“Lifting up his eyes, then, and seeing that a multitude was coming to him, Jesus said to Philip, ‘How are we to buy bread, so that these people may eat?’ This he said to test/prove/tempt him (πειράζων αὐτόν), for he himself knew what he would do. Philip answered him, ‘Two hundred denarii would not buy enough bread for each of them to get a little…” (Jn 6: 5-7)
What does it mean, that Jesus said this to Philip to “test” him? At the risk of sounding irreverent, I’d say that, when Philip was asked this rather-impossible question to “test” (or “prove” or even “tempt,” as the Greek verb here can be translated) him, I think that what the Evangelist John is telling us is that our one-and-only Lord of Surprises was simply teasing him. I mean, I think Jesus made a joke, because He had a sense of humor. But a lot of the first-century humor in the Gospels is understandably “lost in translation,” and lost on us, across the centuries.

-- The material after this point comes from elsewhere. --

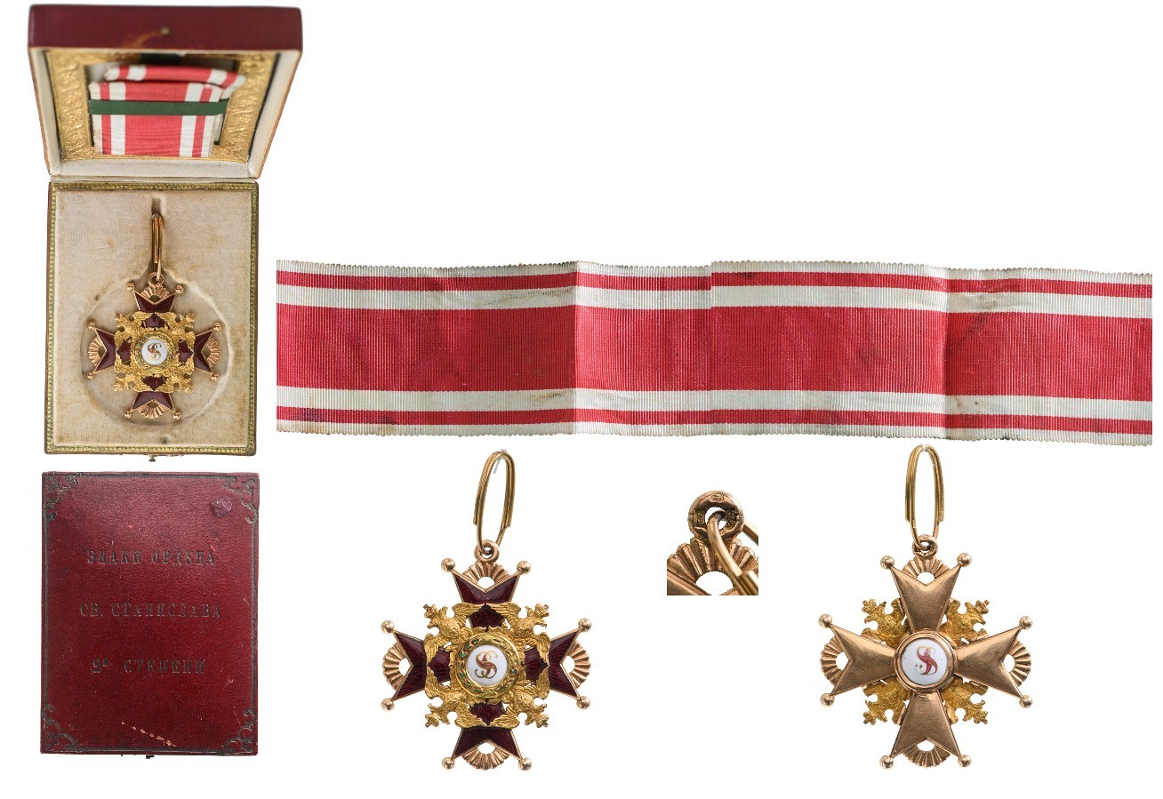 An early 19th Century 2nd Class Neck Badge of the Order in Gold, as a four-armed cross made of pink Gold, with red enamel to the obverse, flanked by yellow-gold eagles with spreaded wings; white enameled centre medallion with red, miniature-painted order’s monogram, within golden outer circlet, enriched with green enameled laurel wreath; smooth, polished reverse, with white enameled centre medallion, similar to the obverse’s one; ornamented upper loop, its ring, struck with Russian gold marks, and the date 1840; gold-wire, doubled ribbon ring and original, silk neck ribbon; in the original, red morocco case of issue with cyrillic inscrption embossed to the outer lid and fitted cream-velvet inner compartment.

I am sure that our Lord had a sense of humor, – that God-given gift to human nature that makes so much in our lives simpler. In any event, I cannot imagine a perfect human being, nor a perfect God, – and Jesus Christ was both, – I could not imagine a perfect (or even just likeable) person without a sense of humor. Nor would I want to spend more than a half-hour or so in the presence of any such person, devoid of a sense of humor. Even in the Old Testament, God demonstrates a sense of humor, for example, when He says about Adam and Eve, after He finds them hiding behind the trees and makes clothes for them, after The Fall: “Look, the man has become like one of us, knowing good and evil…” (Gen 3: 22). Lord, thank You for having a sense of humor with us, even as You “know” what You are doing with us, as You clothe and feed us, throughout the ages. And thank You for passing that sense of humor on to us, that our lives and our “issues” may be easier, with ourselves and others, and that we may learn Your way of being, which is light and lightness.